9.1. Su alcance como título competencial.
El Tribunal Constitucional ha tenido ocasión de aclarar que el art. 139.2 CE no contiene
una distribución de competencias entre el Estado y las Comunidades Autónomas, sino un
límite a toda competencia (SSTC 1/1982, 87/1987, 52/1988). En concreto, no es un título
competencial en cuya virtud pueda reservarse el Estado la facultad de "preservar la libre
circulación de bienes en el territorio nacional" (STC 95/1984, FJ 7º). A pesar de este
carácter neutral de la regla, sin embargo es evidente que su potencial limitador será más
intenso en relación con la normativa autonómica. Desde el momento en que una regulación
autonómica pretenda reglamentar el comercio de bienes y servicios mediante la
instauración de condiciones, requisitos y prohibiciones de intercambio, esta regulación
está, siquiera sea de modo indirecto, creando una barrera en el mercado interior, en la
medida en que dificulta que los bienes y servicios que provienen del ámbito externo a esta
Comunidad puedan circular con el solo cumplimiento de las reglas o condiciones de
comercialización impuestas a nivel general o en el propio territorio desde el que se practica
el intercambio o tráfico del producto. Y ello sin contar con que el límite a la posibilidad de
una regulación particular de origen autonómico no sólo proviene de las competencias
estatales, sino de los compromisos que el Estado tiene contraídos en su conjunto con la
Unión Europea, y que derivan del principio de libre circulación de mercancías del art. 30
del Tratado de Roma.
9.2. La ponderación entre unidad interior y autonomía.

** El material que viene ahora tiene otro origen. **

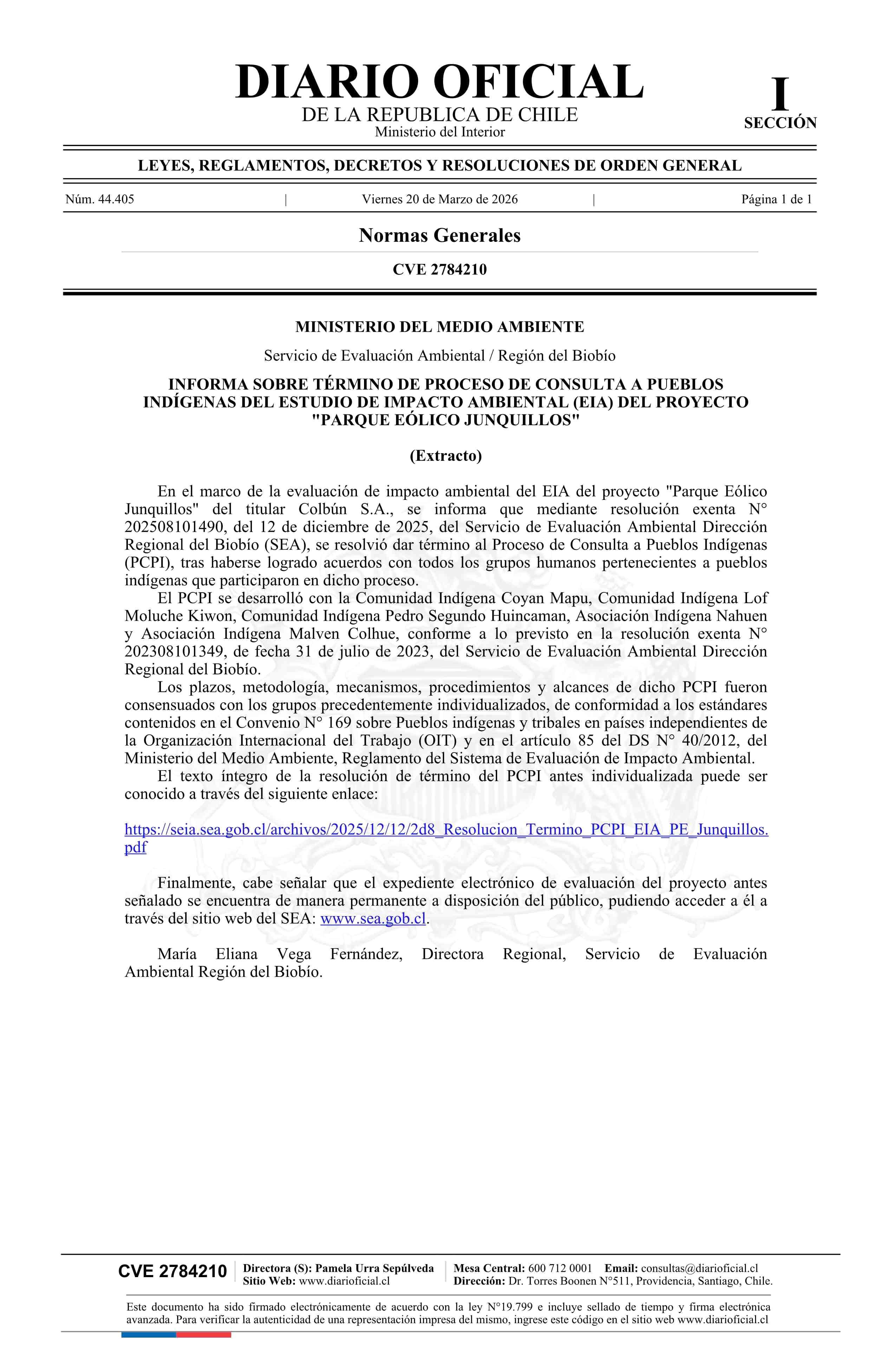 Título: Extracto de resolución exenta número 202508101490, de 2025.- Informa sobre término de proceso de consulta a pueblos indígenas del Estudio de Impacto Ambiental del proyecto Parque Eólico Junquillos

Expuesto en los términos que acabamos de adelantar, el problema parecería insoluble. En
efecto, el art. 139.2 CE se traduciría de hecho en la imposibilidad de que una Comunidad
Autónoma pudiera hacer uso de su competencia cuando el resultado de aquél fuera la
creación de una barrera en el mercado interior o de un obstáculo que dificultara el
intercambio o que lo hiciera no uniforme para los distintos operadores en el mercado.

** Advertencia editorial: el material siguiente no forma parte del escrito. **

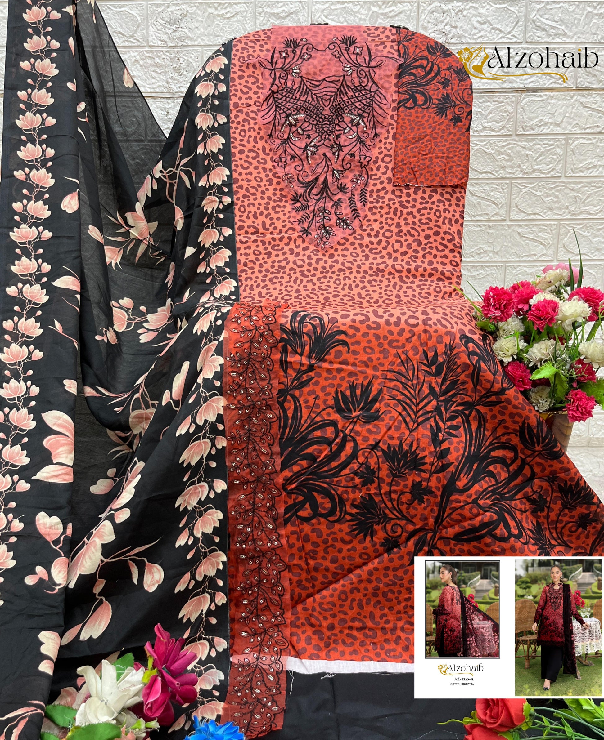 Az-1355-A Aamina Vol 1 Al Zohaib Pure Cotton Pakistani Patch Suits

El Tribunal Constitucional ha sostenido que si una norma es de indiscutible competencia
autonómica, no se puede contrarrestar o anular el efecto que se sigue de su aplicación en
aras de un principio de unidad de mercado que no se compadece con la forma compleja de
nuestro Estado (STC 87/1987). La existencia de un único orden económico en un mercado
nacional no excluye la existencia de la diversidad jurídica que resulta del ejercicio por los
órganos autonómicos de competencias normativas sobre un sector económico cuando éstas
hayan sido asumidas en el Estatuto de Autonomía (STC 225/1993).

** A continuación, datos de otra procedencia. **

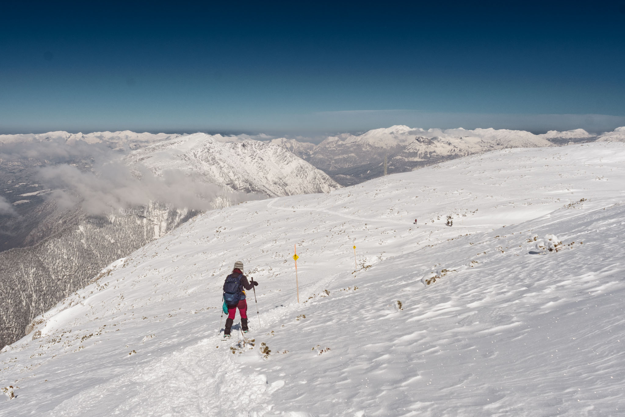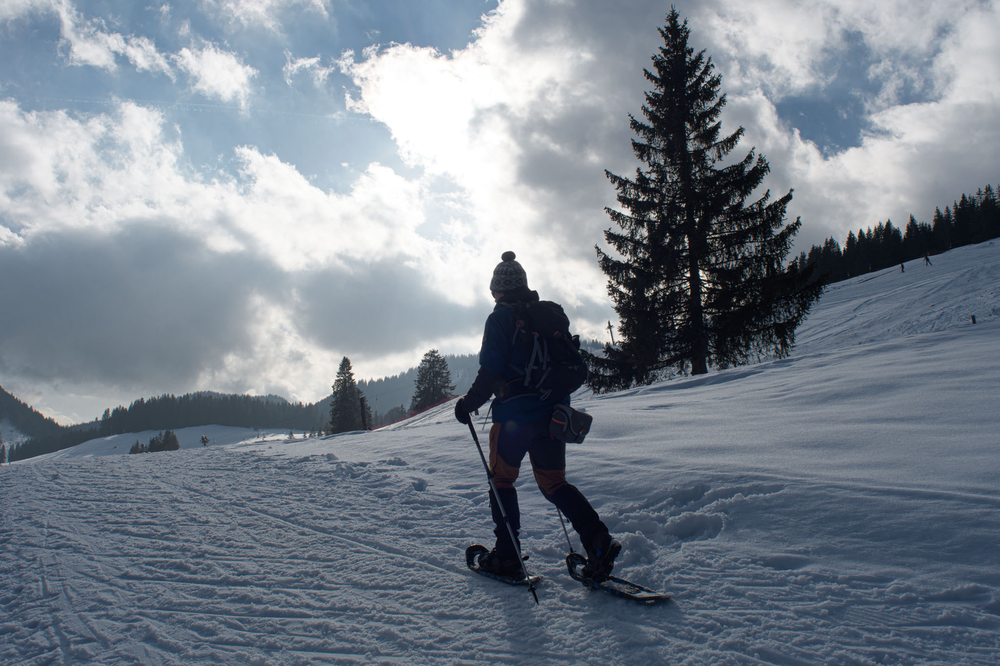 Jeweils mittwochs wird auf dem Feuerkogel oberhalb von Ebensee am Traunsee eine (kostenlose) geführte Schneeschuhtour angeboten, zu der wir uns ein paar Tage vorher angemeldet hatten. Es hat sich auch wirklich gelohnt, die geführte Tour mitzumachen, denn zum einen hat der Guide eine ganze Menge erzählt, angefangen bei der Entstehung der Region während der letzten Eiszeiten, bis hin zu Wissenswertem und Gefahren, wenn man frei im Gelände seine eigene Schneeschuhtour machen möchte. Zum anderen hätten wir es wahrscheinlich nicht geschafft, die landschaftlich schönsten Abschnitte der fünf angebotenen Trails mit der besten Aussicht auf eigene Faust zu kombinieren. Und die Aussicht war tatsächlich so gut, dass man bis zum Hochficht im Böhmerwald an der Grenze zwischen Oberösterreich und Tschechien sowie dem Großen Arber sehen konnte.

Esta doctrina es ajustada al principio de efectividad de las competencias, que impide
negársela a una Comunidad Autónoma cuando está claramente atribuida en su Estatuto (v.
también la STC 52/1988). Con igual alcance restrictivo ha de interpretarse el límite de la
competencia estatal exclusiva sobre comercio exterior (art. 149.1.10ª CE), ya que, como se
insiste en varias sentencias, una aplicación extensiva de este título competencial
acabaría por vaciar de contenido la premisa, consolidada en la doctrina constitucional,
conforme a la cual el ingreso de España en la CEE y la consiguiente transposición de las
normas de Derecho comunitario derivado no altera las reglas constitucionales de
distribución de competencias «ya que sería muy difícil encontrar normas comunitarias
que no tuvieran incidencia en el comercio exterior, si éste se identifica, sin más
47
matización, con comercio intracomunitario» (STC 236/1991 y en sentido similar STC
79/1992 y 313/1994).
En estos términos, la concurrencia ya no puede resolverse en función de reglas de
aplicación abstracta, y será preciso una labor de ponderación caso por caso para fijar los
límites que el principio de unidad de mercado impone al ejercicio autonómico de
competencias que se proyectan sobre la reglamentación del mercado.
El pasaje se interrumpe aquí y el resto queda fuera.